Listing Types of Symbols Found in Global Symbols Stream
1
2
>>> set([  hex(s.leaf_type) for s in pdb.STREAM_GSYM.globals ])
{'0x1108', '0x1107', '0x110c', '0x110e', '0x1125', '0x110d', '0x1127'}

Or in terms of Microsoft’s implementation:

An Excerpt from microsoft-pdb/include/cvinfo.h
1
2
3
4
5
6
7
8
9
10
11
12
//Symbol definitions
typedef enum SYM_ENUM_e {
// […]
    S_CONSTANT =  0x1107,  // constant symbol
    S_UDT = 0x1108,  // User defined type
    S_LDATA32 = 0x110c,  // Module-local symbol
    S_GDATA32 = 0x110d,  // Global data symbol
    S_PUB32 = 0x110e, // a public symbol (CV internal reserved)
    S_PROCREF = 0x1125, // Reference to a procedure
    S_LPROCREF = 0x1127, // Local Reference to a procedure
// […]
};

Of these, the symbol denoted by the S_GDATA32 (global data symbol) type appeared to be precisely what I was looking for so I found a matching structure (DATASYM32) in cvinfo.h and augmented pdbparse with an appropriate declaration:

Adding construct Declarations for DATASYM32 (in pdbparse/gdata.py)
1
2
3
4
5
6
7
8
9
10
11
12
13
gsym = Struct(
    "leaf_type" / Int16ul, "data" / Switch(
        lambda ctx: ctx.leaf_type, {
#[…]
            0x110d: #adapted from struct DATASYM32 in cvinfo.h
                "datasym" / Struct(
                "typind" / Int32ul,
                "offset" / Int32ul,
                "segment" / Int16ul,
                "name" / CString(encoding = "utf8"),           
            ),
#[…]
        }))

Notice the typeind field! It is the very reference to a record in the TPI stream this entire endeavor was aiming to obtain. A small modification (shown below) to the function responsible for post-processing of symbols list, necessary now that symbols of different types had different sets of attributes, and I was good to go.

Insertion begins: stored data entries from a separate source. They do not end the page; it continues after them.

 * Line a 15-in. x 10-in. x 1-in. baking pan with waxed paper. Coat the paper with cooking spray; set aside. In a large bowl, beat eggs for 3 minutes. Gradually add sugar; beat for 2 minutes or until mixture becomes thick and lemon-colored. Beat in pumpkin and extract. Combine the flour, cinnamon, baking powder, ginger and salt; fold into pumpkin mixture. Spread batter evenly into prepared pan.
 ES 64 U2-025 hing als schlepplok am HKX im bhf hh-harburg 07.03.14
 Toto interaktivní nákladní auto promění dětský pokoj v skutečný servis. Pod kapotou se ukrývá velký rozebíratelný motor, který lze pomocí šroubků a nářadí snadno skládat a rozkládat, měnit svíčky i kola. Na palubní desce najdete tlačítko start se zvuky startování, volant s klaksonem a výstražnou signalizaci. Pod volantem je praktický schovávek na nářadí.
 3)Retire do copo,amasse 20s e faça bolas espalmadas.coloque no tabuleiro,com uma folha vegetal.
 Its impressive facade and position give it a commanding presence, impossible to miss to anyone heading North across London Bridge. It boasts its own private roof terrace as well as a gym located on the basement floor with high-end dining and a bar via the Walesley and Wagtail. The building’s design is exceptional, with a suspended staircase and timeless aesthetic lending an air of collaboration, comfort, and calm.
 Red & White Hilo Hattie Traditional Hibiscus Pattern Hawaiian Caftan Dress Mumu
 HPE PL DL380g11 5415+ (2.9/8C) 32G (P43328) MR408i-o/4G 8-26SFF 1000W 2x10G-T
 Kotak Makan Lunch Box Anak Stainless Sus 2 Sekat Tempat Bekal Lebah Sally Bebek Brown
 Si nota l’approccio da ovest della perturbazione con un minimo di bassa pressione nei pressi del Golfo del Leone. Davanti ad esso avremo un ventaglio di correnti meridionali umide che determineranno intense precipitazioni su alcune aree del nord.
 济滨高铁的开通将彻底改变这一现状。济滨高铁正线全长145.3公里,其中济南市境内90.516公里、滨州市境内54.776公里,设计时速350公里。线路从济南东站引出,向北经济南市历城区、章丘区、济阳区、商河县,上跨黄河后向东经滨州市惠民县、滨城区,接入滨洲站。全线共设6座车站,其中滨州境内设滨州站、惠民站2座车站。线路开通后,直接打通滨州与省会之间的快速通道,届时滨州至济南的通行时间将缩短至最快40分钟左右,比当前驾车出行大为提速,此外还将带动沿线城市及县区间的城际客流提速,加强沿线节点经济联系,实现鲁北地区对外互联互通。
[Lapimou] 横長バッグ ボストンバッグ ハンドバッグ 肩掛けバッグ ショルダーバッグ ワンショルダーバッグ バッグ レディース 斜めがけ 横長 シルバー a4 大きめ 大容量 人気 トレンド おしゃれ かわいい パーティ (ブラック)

diff for gdata.merge_structures()

Having completed all the preparatory work, I can finally bestow upon you a function that prints out a declaration statement for any global variable. Lo and behold!

print_variable_declaration() Implementation
1
2
3
4
5
6
7
8
9
10
11
12
def print_variable_declaration(pdb, vname):
    for s in pdb.STREAM_GSYM.globals:
        if not "name" in s or s.name != vname:
            continue
        if not "typind" in s:
            print("Found a symbol named", vname,\
                  "but, it did not have an associated type.")
            continue
        print(get_type_name(pdb.STREAM_TPI.types[s.typind]), " ",\
              vname, ";", sep = "")
        return
    print("Could not find variable", sname)

This time it will actually work reliably. Check it out!

print_variable_declaration() Demo
1
2
>>> print_variable_declaration(pdb, "g_Message")
TextHolder g_Message;

Function prototypes

Phew! That was a rather lengthy discourse. My only hope that it left us better prepared for what is to come.

To begin with, I will demonstrate the simplest (but not always reliable) technique based on undecorating. It works just as it did in the case of global variables. There is nothing new here.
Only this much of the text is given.